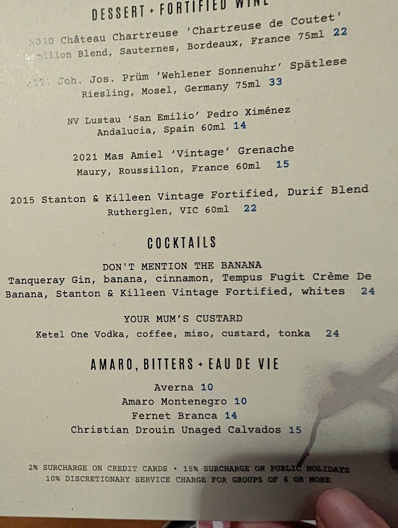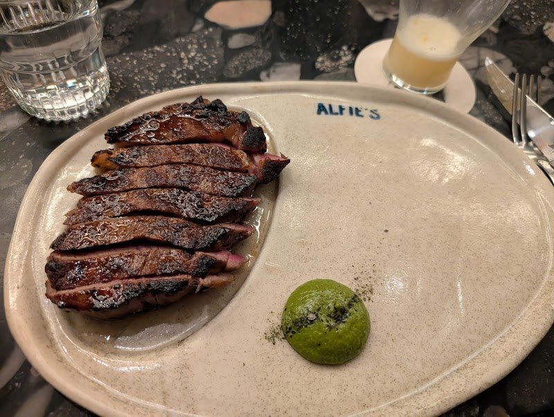 I absolutely love going to Alfieโ€™s! Three times and counting now. The steak is solid but I really come here for the sides (the brussels sprouts are out of this world) and the ice cold martinis. The burnt honey beef fat & salted chocolate crumble gelato popsicle is also a favourite. Top tip: happy hour (4-6pm) is a treat and amazing value for money (you can also get the popsicle off-menu during!). Service is friendly enough, pretty standard. The atmosphere is casual; a bit chic and vibey. I usually try to avoid going to places more than once as there is a smorgasbord of excellent food to try in Sydney, but Alfieโ€™s is a special exception.
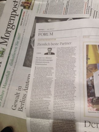 抵達(dá)前夕,克強(qiáng)總理通過(guò)德國(guó)主流媒體《世界報(bào)》,以“讓開(kāi)放創(chuàng)新引領(lǐng)中德合作”為題,向德國(guó)人民問(wèn)好并聊起對(duì)中德關(guān)系未來(lái)發(fā)展的期望。可謂是人未到,聲先至。
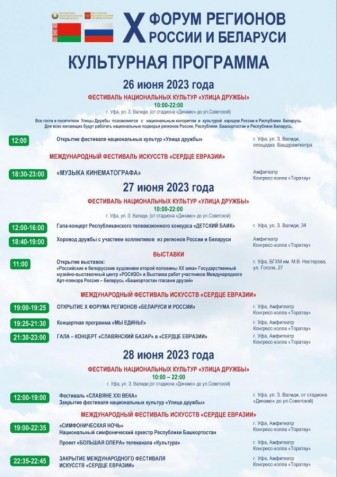 В рамках форума пройдут деловые встречи, подписание соглашений, выставки, пленарное и секционные заседания Конгресса регионов России и Беларуси, яркие молодежные, спортивные и культурные мероприятия, концерт «Славянский базар в Сердце Евразии».
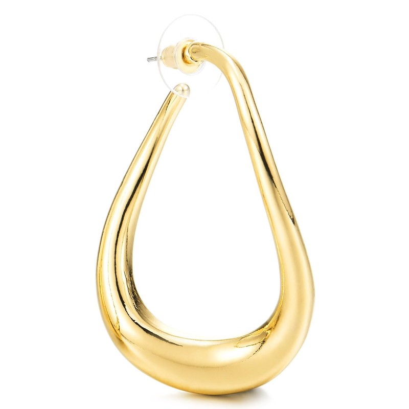 - Irregular teardrop hope earrings gold colour, statement drop earrings, elegant and liquid design

==============================

__WHAT TO DO__: Set the listing above down again exactly, leaving pictures out.

__EXERCISE RESULT__:
 I absolutely love going to Alfieโ€™s! Three times and counting now. The steak is solid but I really come here for the sides (the brussels sprouts are out of this world) and the ice cold martinis. The burnt honey beef fat & salted chocolate crumble gelato popsicle is also a favourite. Top tip: happy hour (4-6pm) is a treat and amazing value for money (you can also get the popsicle off-menu during!). Service is friendly enough, pretty standard. The atmosphere is casual; a bit chic and vibey. I usually try to avoid going to places more than once as there is a smorgasbord of excellent food to try in Sydney, but Alfieโ€™s is a special exception.
 抵達(dá)前夕,克強(qiáng)總理通過(guò)德國(guó)主流媒體《世界報(bào)》,以“讓開(kāi)放創(chuàng)新引領(lǐng)中德合作”為題,向德國(guó)人民問(wèn)好并聊起對(duì)中德關(guān)系未來(lái)發(fā)展的期望。可謂是人未到,聲先至。
 В рамках форума пройдут деловые встречи, подписание соглашений, выставки, пленарное и секционные заседания Конгресса регионов России и Беларуси, яркие молодежные, спортивные и культурные мероприятия, концерт «Славянский базар в Сердце Евразии».
 - Irregular teardrop hope earrings gold colour, statement drop earrings, elegant and liquid design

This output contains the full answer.